Import giant(50GB) data file into Paraview

ZiweiWu · November 7, 2018, 10:51am

Hi all,
I tried to import a 50GB netCDF file into Paraview but always run into Memory error like this:

So I’m wondering if there’s a limit on the size of input file in Paraview or the memoryError happened just because my local memory was too small? And is there any way that I can run this on my local machine or it has to be HPC?

Thanks!

cory.quammen · November 7, 2018, 2:20pm

Do you have more than 50GB of RAM? How many timesteps are in the file?

banesullivan · November 7, 2018, 3:30pm

I see this is coming from a vtkPythonAlgorithm. Is this a custom netCDF reader plugin?

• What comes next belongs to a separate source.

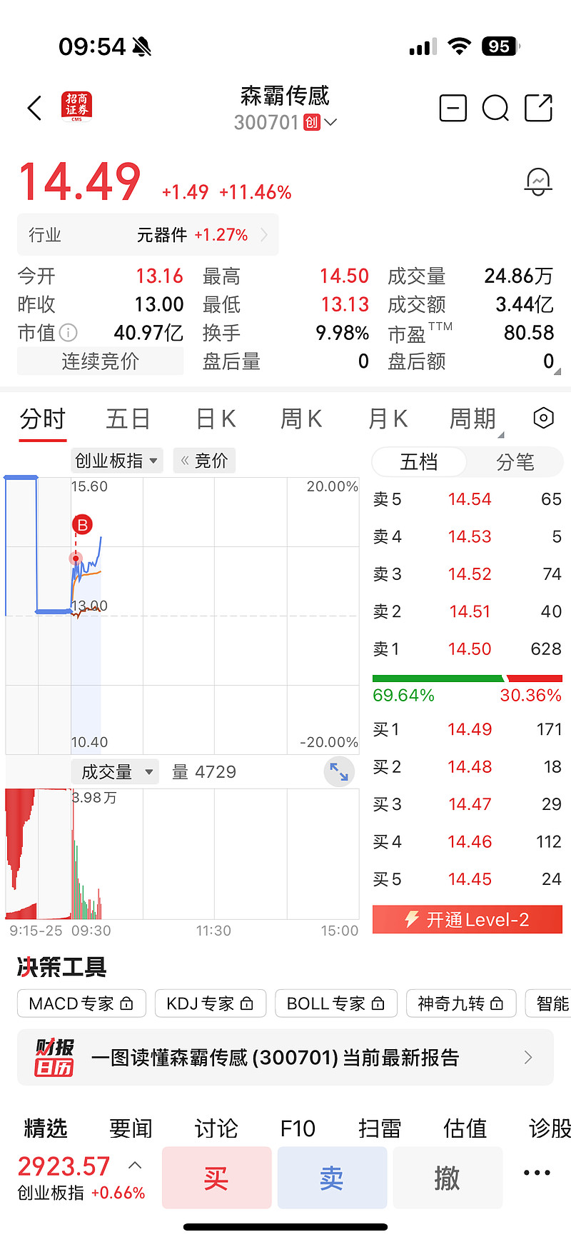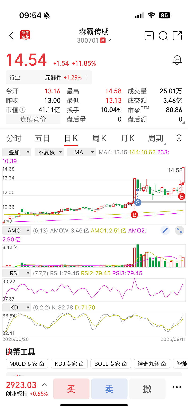 突破吧騷年,今天漲停價也才15.60元,還摸不到紅色壓力位咧,已經是第二次買你咯

If so, you may want to update the request data script to only read chunks of the netCDF file based on your current time step or data extent.

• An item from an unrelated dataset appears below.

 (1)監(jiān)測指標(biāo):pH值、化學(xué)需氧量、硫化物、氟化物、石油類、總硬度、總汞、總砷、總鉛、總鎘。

ZiweiWu · November 8, 2018, 3:15am

No, local machine only have 16GB RAM, and there’re 25 timesteps in the file.

ZiweiWu · November 8, 2018, 3:24am

Yeah, this could be a solution, I’ll try it out. And yes, I’m using the PVGeo-CMAQ reader, the file contains 25 timesteps (looks like the file I sent you last time but has bigger scale). Do I have to update script in both PVGeo and PVGeo-HDF5 or only update PVGeo-HDF5?
Thanks!

banesullivan · November 8, 2018, 6:57pm

You will only need to update the code for the PVGeo-CMAQ reader in PVGeo-HDF.

To outline the changes needed, instead of reading the data up front (this is what the PVGeo-CMAQ reader is currently doing), you’ll update it to get the requested time step and pass that timestep to the reading function to only read the requested part of the file.

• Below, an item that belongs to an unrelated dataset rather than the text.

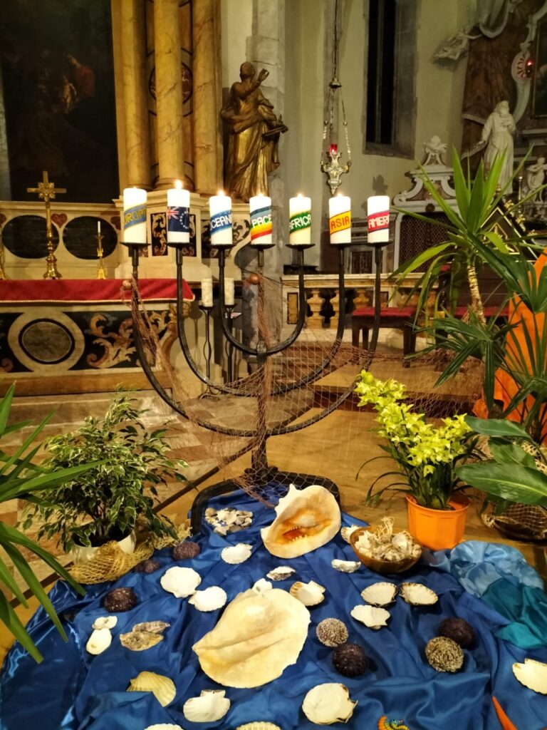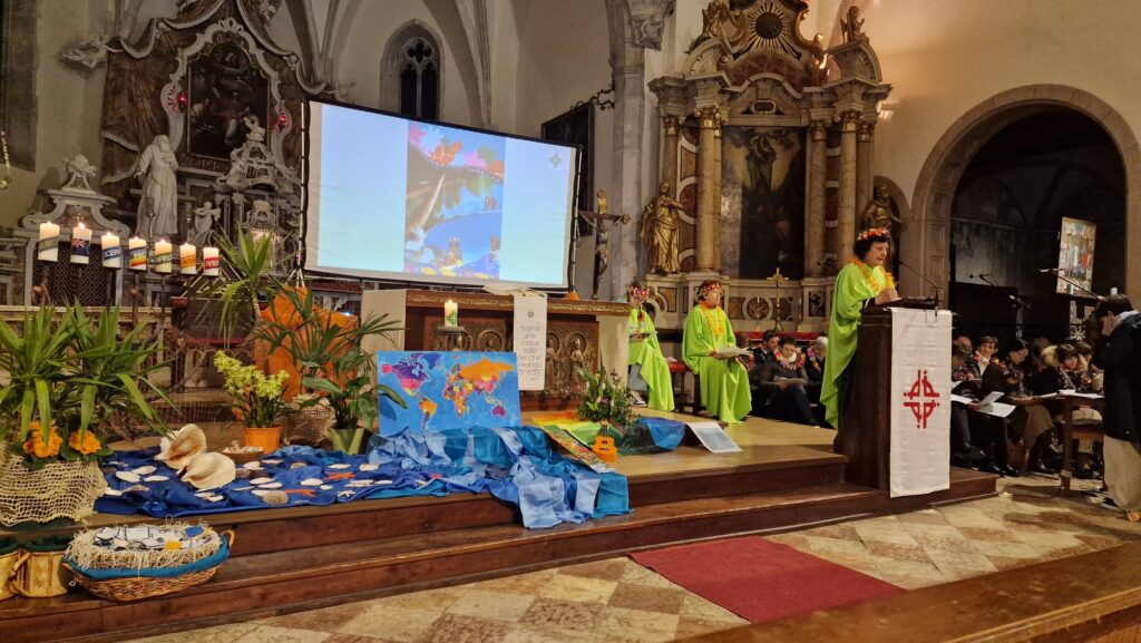 Le protagoniste della preghiera di Sanzeno si sono vestite con colori vivaci e collane di fiori per ricordare le donne delle Isole Cook. Una meravigliosa coreografia ha trasformato il presbiterio, restituendo gioia e bellezza per gli occhi e il cuore.

So change lines 190-193 to pass the requested timestep on every RequestData call. Then change _ReadUpFront to take the timestep index and restructure that function to only grab the needed data for each time step.

This might be a bit clunky, but it should allow you to visualize the 50GB data file on your local machine.

ZiweiWu · November 11, 2018, 1:33am

Got it, I’ll try it out later. Thanks Bane!